Is 10 minutes enough for glutes? ›

Build muscle: For bigger arms or glutes you'll have to work a bit more than 10 minutes a day. However, on days when you don't have time for a full workout, you can still squeeze in a good, focused pump in a just a couple of minutes with the help of isolation exercises.

How long does it take to tighten glutes? ›

One important thing to remember is that glutes don't grow overnight. Rather, most people start seeing noticeable changes within 6-8 weeks. For others, they might notice progress around 10-12 weeks. Again, this is all based on training, diet, and - of course - body type.

Is it okay to hit glutes everyday? ›

How often should you do glute activation exercises? When you're sitting a lot in your daily life, it's best to do these exercises every day. If that's not feasible, aim to do them at least two to three times each week.

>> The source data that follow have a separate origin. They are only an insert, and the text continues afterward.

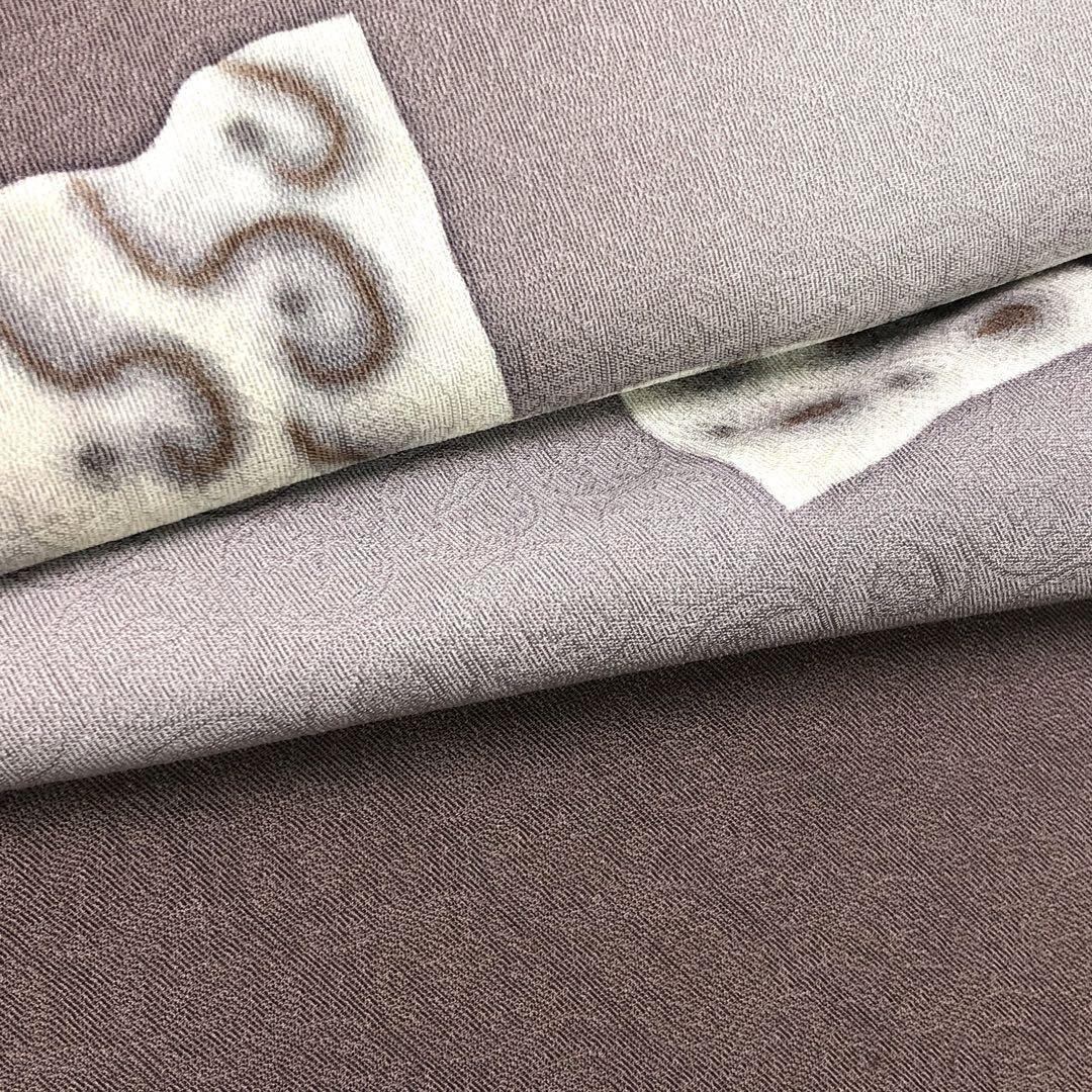 紫鼠色のお色味に暈し、抽象模様の柄裄がデザインされた素敵なお品でございます。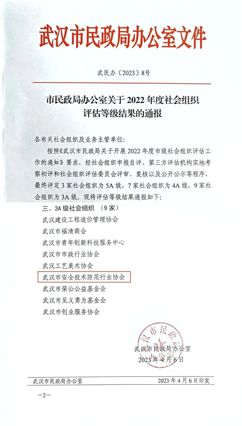 協會自成立以來,在業務主管單位武漢市公安局的悉心指導下,以服務至上、嚴謹認真為宗旨,不斷加強自身建設。感謝全體會員同心協力、砥礪前行,此次榮獲3A是協會發展道路上的一個重要里程碑,我們將倍加珍惜來之不易的榮譽,持續改進自身工作,對照社會組織高質量發展的要求,在更加規范的軌道上開展工作。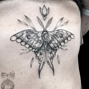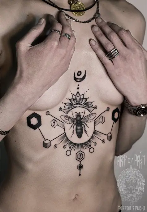 Татуировка женская графика на животе насекомые 1329

What are the benefits of releasing your glutes? ›

Plus, by releasing tightness, glute stretches may help:
  • enhance your flexibility.
  • improve your range of motion.
  • reduce your risk of injury.
  • improve your overall mobility.

Are you supposed to squeeze your glutes when standing? ›

The “ideal” way to stand is with your feet forward instead of flared out (actively try to "screw" your feet into the ground), glutes and abs slightly contracted, and shoulders externally rotated (to find this position, place your palms on your pecs), according to Kelly Starrett, P.T., creator of MobilityWOD.com and ...

Are tight glutes bad? ›

The glutes are certainly a buzz topic in the world of musco-skeletal healing and exercise classes. You may frequently hear that your glutes are tight, and such is the cause of more serious problems throughout your body. Commonly the initial diagnosis could be from lower back pain, knee problems, or shoulder issues.

Top Articles
Latest Posts
Article information

Author: Aracelis Kilback

Last Updated:

Views: 6176

Rating: 4.3 / 5 (64 voted)

Reviews: 95% of readers found this page helpful

Author information

Name: Aracelis Kilback

Birthday: 1994-11-22

Address: Apt. 895 30151 Green Plain, Lake Mariela, RI 98141

Phone: +5992291857476

Job: Legal Officer

Hobby: LARPing, role-playing games, Slacklining, Reading, Inline skating, Brazilian jiu-jitsu, Dance

Introduction: My name is Aracelis Kilback, I am a nice, gentle, agreeable, joyous, attractive, combative, gifted person who loves writing and wants to share my knowledge and understanding with you.